Here’s my strategy this year:  For every batch of whatever I’m putting up, I give the last jar a used lid.  I look for one that isn’t warped or severely dented from being opened, wash it well and warm it thoroughly in a hot water bath to soften the sealant.   What if it doesn’t seal?  We eat that jar right away, just as we would for any jar that comes out of the canner with a defective seal.   If it does seal, I put a bright piece of painter’s tape on that jar with the words “Eat Me First.”  The logic being that jars sealed with a new lid will have a longer shelf life than the one sealed with the used lid.  

As I’ve become increasingly skilled at canning, I’ve accepted the fact that there is always a “Last Jar.”  That’s the one that a bit short on product, or that has a little extra water added to reach the required headspace.  By giving that one the used lid, I extend my inventory of new lids without putting the entire batch at risk with used lids.  When it comes time to can the expensive meats and poultry that are waiting in my freezer, I’ll have good new lids to use in case supplies aren’t restored over winter.

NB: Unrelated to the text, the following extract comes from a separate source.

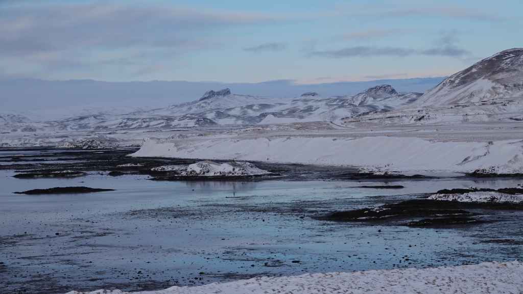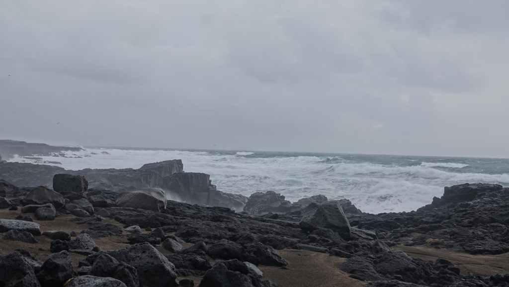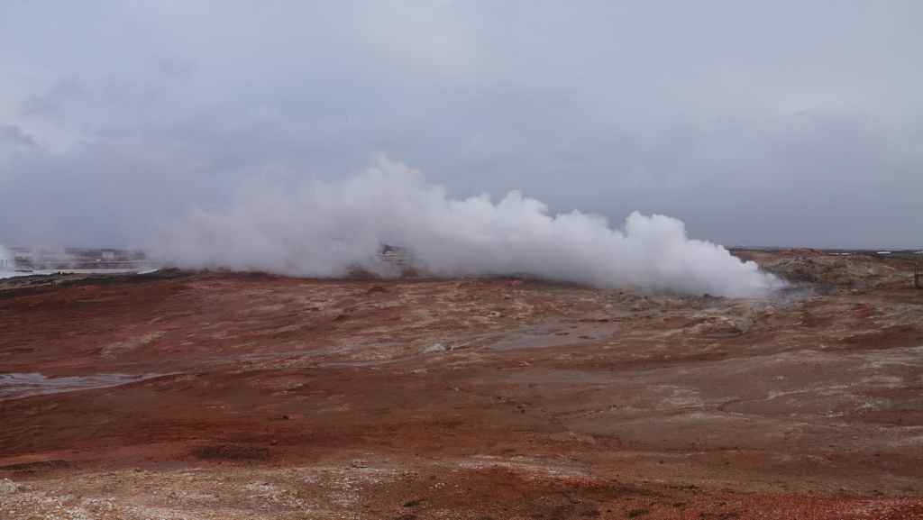 Bon, c’est le dernier jour et on se réveille sans électricité… La température est encore remontée puisqu’il fait ce matin 10,5°C, mais la tempête s’est affaiblie. On déjeune et on fait nos sacs à la lueur de nos frontales. Puis on part en direction du sud et plus précisément la péninsule de Reykjanes où se situe l’aéroport. La météo annoncée parait meilleure au sud et il est vrai que le ciel s’éclaircit en se rapprochant de Reykjavik.

With this practice, I’m still able to preserve as much of the current, seasonal harvest as I had planned.  I’m still making efficient use of the energy needed to heat and process today’s produce because I’m not running the canner at less than full capacity. Depending on what size of jar you are filling, how much produce you have to preserve, how many new lids you have in inventory, and how many people you are feeding, you could use this strategy with the last 2 or even 3 jars in every batch.

It’s not ideal, but thus far every jar has sealed and I’ve gained back the equivalent of several boxes of new lids. Still, I have to close with the standard admonition given by all official, credible canning authorities:  Do Not Re-Use Canning Lids.  This strategy does nothing to eliminate the risk of defective seals; it only dilutes that risk over multiple foods over multiple batches.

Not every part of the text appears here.